## 11 - Statistical Analysis of Seattle Transit Activity vs Weather

This notebook explores how weather and temporal features influence real-time public transit activity in Seattle.  
We use the **Gold-layer** table `gtfs_rt_weather_joined` to perform correlation analysis and hypothesis testing.

**Goals:**
- Explore the correlation between **temperature** and **number of vehicle updates**
- Perform statistical tests (**Pearson**, **Spearman**, **t-test**, **ANOVA**)
- Identify meaningful behavioral patterns (e.g., **weekday vs. weekend** transit activity)


In [0]:
# Import PySpark functions and Python libraries for analysis and plotting
from pyspark.sql.functions import col, hour, dayofweek, count, to_date
from pyspark.sql import functions as F
# Python libraries for statistical analysis and visualization
import pandas as pd
import seaborn as sns
import matplotlib.pyplot as plt
from scipy.stats import pearsonr, spearmanr, ttest_ind, f_oneway
from pyspark.sql.functions import to_date, count, avg, dayofweek, when
from scipy.stats import pearsonr, spearmanr

In [0]:
# Load the Gold layer table that joins real-time GTFS data with weather snapshots
GOLD_PATH = "/gold/gtfs_rt_weather_joined"
df_gold = spark.read.format("delta").load(GOLD_PATH)
df_gold.display()


### Aggregate Transit Volume

In [0]:
# Extract hour of day from each event timestamp for time-based grouping
df_gold = df_gold.withColumn("hour", hour("event_ts"))


In [0]:
# Count the number of vehicle updates per hour to identify data skewedness
df_gold.groupBy("hour").count().orderBy("count", ascending=False).show()


In [0]:
# Filter to a specific hour (3 PM) with the highest available data across different dates
df_gold = df_gold.filter(col("hour")==15)

In [0]:
# Group by event date and weekend/weekday flag
# Aggregate to get daily vehicle update count and average temperature
df_daily = df_gold \
    .withColumn("event_date", to_date("event_ts")) \
    .withColumn("day_of_week", dayofweek("event_ts")) \
    .withColumn("is_weekend", when(col("day_of_week").isin(1, 7), True).otherwise(False)) \
    .groupBy("event_date", "is_weekend") \
    .agg(
        count("*").alias("vehicle_update_count"),
        avg("temperature").alias("avg_temp")
    ) \
    .orderBy("event_date")
    
# Convert to pandas for statistical analysis
df_daily_pd = df_daily.toPandas()
df_daily_pd.head()


### Correlation Analysis – Temperature vs Vehicle Count

In [0]:
# Drop rows with nulls in key columns
df_corr = df_daily_pd.dropna(subset=["vehicle_update_count", "avg_temp"])

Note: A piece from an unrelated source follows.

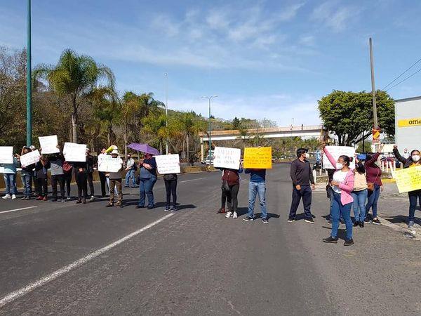 Xalapa, Ver.- Integrantes de Antorcha Campesina se manifestaron este miércoles en la dirección de Espacios Educativos para exigir que se cumpla con el programa Escuelas al Cien, cierran la circulación en la carretera federal Xalapa-Veracruz con dirección a esta capital.

# Pearson correlation (linear relationship)
pearson_corr, pearson_p = pearsonr(df_corr["avg_temp"], df_corr["vehicle_update_count"])

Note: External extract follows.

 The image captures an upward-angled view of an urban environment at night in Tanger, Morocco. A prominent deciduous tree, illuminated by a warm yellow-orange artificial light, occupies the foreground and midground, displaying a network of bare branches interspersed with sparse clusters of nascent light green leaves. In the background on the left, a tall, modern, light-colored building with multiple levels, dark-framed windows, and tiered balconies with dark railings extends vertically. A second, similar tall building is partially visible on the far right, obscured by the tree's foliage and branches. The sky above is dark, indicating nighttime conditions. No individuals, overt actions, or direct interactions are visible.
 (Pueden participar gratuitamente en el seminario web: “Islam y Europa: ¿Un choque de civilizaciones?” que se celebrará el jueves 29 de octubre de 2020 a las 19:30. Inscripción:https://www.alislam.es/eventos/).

# Spearman correlation (monotonic relationship)
spearman_corr, spearman_p = spearmanr(df_corr["avg_temp"], df_corr["vehicle_update_count"])

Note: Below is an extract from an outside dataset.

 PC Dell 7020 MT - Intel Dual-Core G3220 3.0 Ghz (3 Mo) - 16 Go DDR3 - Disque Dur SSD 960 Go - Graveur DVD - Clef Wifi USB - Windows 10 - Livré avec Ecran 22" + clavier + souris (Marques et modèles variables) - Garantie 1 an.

# Print correlation results
print(f"Pearson Correlation: {pearson_corr:.2f} (p={pearson_p:.3f})")
print(f"Spearman Correlation: {spearman_corr:.2f} (p={spearman_p:.3f})")

# Plot correlation between average temperature and transit volume
sns.regplot(data=df_corr, x="avg_temp", y="vehicle_update_count")
plt.title("Correlation: Temperature vs Vehicle Update Count")
plt.xlabel("Average Daily Temperature (°F)")
plt.ylabel("Vehicle Updates")
plt.show()


Weak positive correlation between temperature and number of vehicle updates.

p-values > 0.05 → Not statistically significant, so the correlation is likely due to chance.

### Correlation Analysis – Temperature vs Vehicle Count (Weekdays)
Here, we test whether restricting the analysis to weekdays only reveals a more significant relationship between temperature and transit volume.

In [0]:
# Filter to weekday data only
df_weekday = df_daily_pd.loc[df_daily_pd["is_weekend"] == False]

# Drop rows with nulls
df_corr = df_weekday.dropna(subset=["vehicle_update_count", "avg_temp"])

# Pearson & Spearman correlations (for weekdays only)
pearson_corr, pearson_p = pearsonr(df_corr["avg_temp"], df_corr["vehicle_update_count"])
spearman_corr, spearman_p = spearmanr(df_corr["avg_temp"], df_corr["vehicle_update_count"])

# Print results
print(f"Pearson Correlation: {pearson_corr:.2f} (p={pearson_p:.3f})")
print(f"Spearman Correlation: {spearman_corr:.2f} (p={spearman_p:.3f})")

# Plot
sns.regplot(data=df_corr, x="avg_temp", y="vehicle_update_count")
plt.title("Correlation: Temperature vs Vehicle Update Count")
plt.xlabel("Average Daily Temperature (°F)")
plt.ylabel("Vehicle Updates")
plt.show()


Although the correlation values increased slightly, the results remain statistically insignificant.

### Weekday vs Weekend – t-test

In [0]:
# Ensure weekend flag is present
if "is_weekend" not in df_daily_pd.columns:
    df_daily_pd["is_weekend"] = df_daily_pd["event_date"].apply(lambda d: pd.to_datetime(d).weekday() >= 5)

# Separate weekday and weekend samples
weekend = df_daily_pd[df_daily_pd["is_weekend"] == True]["vehicle_update_count"]
weekday = df_daily_pd[df_daily_pd["is_weekend"] == False]["vehicle_update_count"]

# Perform independent t-test
t_stat, p_val = ttest_ind(weekday, weekend, equal_var=False)

# Output statistics
print(f"Weekday Mean: {weekday.mean():.2f}")
print(f"Weekend Mean: {weekend.mean():.2f}")
print(f"t-statistic = {t_stat:.2f}, p-value = {p_val:.4f}")


This result does show a statistically significant difference between weekday and weekend traffic.
So the vehicle activity is significantly higher on weekdays than weekends.